Can someone enlighten me? What are these used for? Clearly the washer is shaped like it would "cap" the end of the built in kickstand mount on a Schwinn frame, but how does it work? Found several of these new in the baggies today at my local bike shop who bought out an old Schwinn dealer years ago.


----------



## Metacortex (Feb 6, 2017)

The 1970 and earlier Schwinn built-in kickstands deployed at a greater angle from vertical than '71 and later models, When people would sit on bikes with the older style cam/kickstand deployed it could put excessive rotational force on the cam in the frame tube housing, rounding out the frame tube in some cases. The kickstand repair kit you show (p/n 57 070) was sold expressly to fix the cam rotating in the rounded frame tube problem without having to reshape or replace the tube. This generally wasn't a problem for 1971 and later bikes because the kickstands and cams were re-designed to be shorter and deploy at a more vertical angle thus putting less rotational force on the cam and frame housing.

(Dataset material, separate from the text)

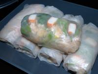 1 paquet de vermicelle « RICE STICK – ZHAO QING» (attention, il existe plusieurs types de vermicelles!) 1 paquet de galettes de riz (31 centimètre de diamètre) 500 g de porc nature en bloc (c’est du porc qui est emballé dans un emballage vert et qui ressemble à une feuille de banane) 1 paquet de surimis de 200 g environ (comptez un surimi par rouleau) 500 g de pousses de soja 1 concombre 1 batavia ou salade iceberg 1 bouquet de coriandre ciselé 1 bouquet de menthe ciselé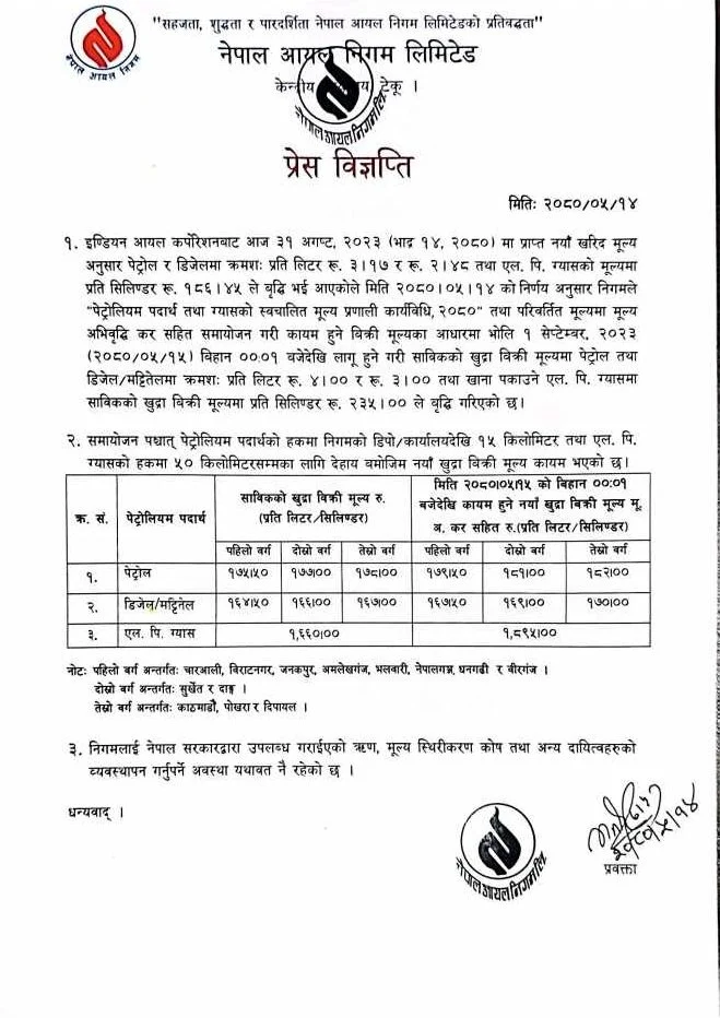 नेपाल आयल निगमले बिहीबार विज्ञप्ति जारी गर्दै पेट्रोलियम पदार्थको मूल्यमा वृद्धि भएको जनाएको हो।

You can see the installation instructions for the repair kit here: http://www.schwinnbikeforum.com/SLDB/Repair/1969-70/Supplementary/69RepairSup944.htm


----------



## Danny the schwinn freak (Feb 6, 2017)

Metacortex said:


> The 1970 and earlier Schwinn built-in kickstands deployed at a greater angle from vertical than '71 and later models, When people would sit on bikes with the older style cam/kickstand deployed it could put excessive rotational force on the cam in the frame tube housing, rounding out the frame tube in some cases. The kickstand repair kit you show (p/n 57 070) was sold expressly to fix the cam rotating in the rounded frame tube problem without having to reshape or replace the tube. This generally wasn't a problem for 1971 and later bikes because the kickstands and cams were re-designed to be shorter and deploy at a more vertical angle thus putting less rotational force on the cam and frame housing.

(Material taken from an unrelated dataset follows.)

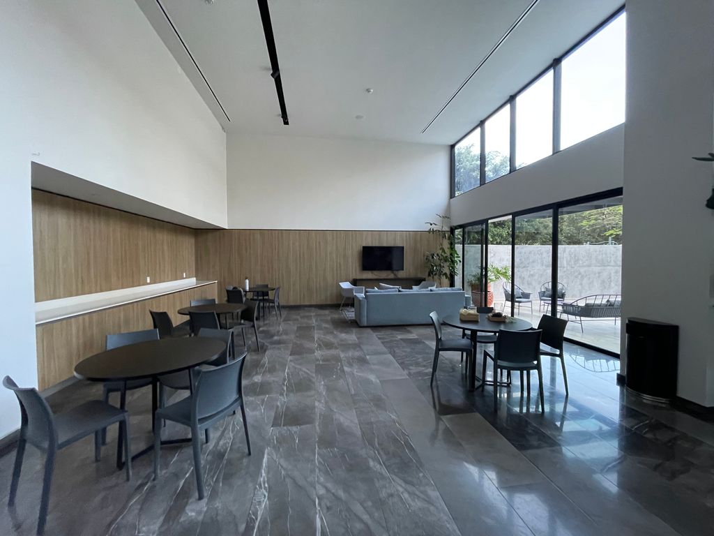 Disfruta de la vista panorámica mientras tomas tu café, ya que la sala comedor y cocina cuentan con espacio abierto y ventanal de piso a techo al balcón,. La cocina integral, te invita a crear tus platillos favoritos. Al caer la tarde, relájate en la terraza en las areas comunes, en el espacio de usos multiples, sauna, gimnasio o en la alberca, mientras los niños se divierten en el área de juegos o en la ludoteca. La seguridad 24 horas y el circuito cerrado te brindan total tranquilidad.

Very interesting, thanks for the info. Are they worth anything to anyone?


----------



## scrubbinrims (Feb 6, 2017)

Wow, great answer Metacortex...I don't deal out the likes very often, but you got it!
Chris


----------



## Metacortex (Feb 6, 2017)

They aren't worth much. This was an item designed to be used in a bike shop to expedite a fast functional repair. Personally on a restoration or refurbishment today I would take the time to reshape the frame tube so that this kind of ugly bolt-on fix was not necessary and the bike would remain more original.


----------



## Danny the schwinn freak (Feb 7, 2017)

Ok, more of a novelty than anything? Makes sense. Thank you again for the info.


----------



## PCHiggin (Feb 7, 2017)

I had one on a '68 Fastback,worked great.Still have one in the pack


----------



## flyingtaco (Oct 5, 2018)

do you have any of these still? The kickstand on my 61 corvette does not stay up. Would this fix that problem? I tried Viagra but that didn't work (lol)


----------



## GTs58 (Oct 5, 2018)

flyingtaco said:


> do you have any of these still? The kickstand on my 61 corvette does not stay up. Would this fix that problem? I tried Viagra but that didn't work (lol)



In most of my cases of ED the cam pin was worn/bent. That and the cam could both be shot so pull the stand and check it out.


----------



## flyingtaco (Oct 6, 2018)

Thank you


----------



## ricobike (Oct 6, 2018)

flyingtaco said:


> Thank you




Here's a thread I created a while ago in the Restoration section.  Has some info and links from Metacortex on some cheap pins you can get on Ebay.


----------



## Danny the schwinn freak (Oct 10, 2018)

flyingtaco said:


> do you have any of these still? The kickstand on my 61 corvette does not stay up. Would this fix that problem? I tried Viagra but that didn't work (lol)



Yes I do. Send me a PM if interested. I have one left.


----------



## flyingtaco (Oct 11, 2018)

Danny the schwinn freak said:


> Yes I do. Send me a PM if interested. I have one left.



Thanks I am going to Take it apart and look at it first. I will let you know


----------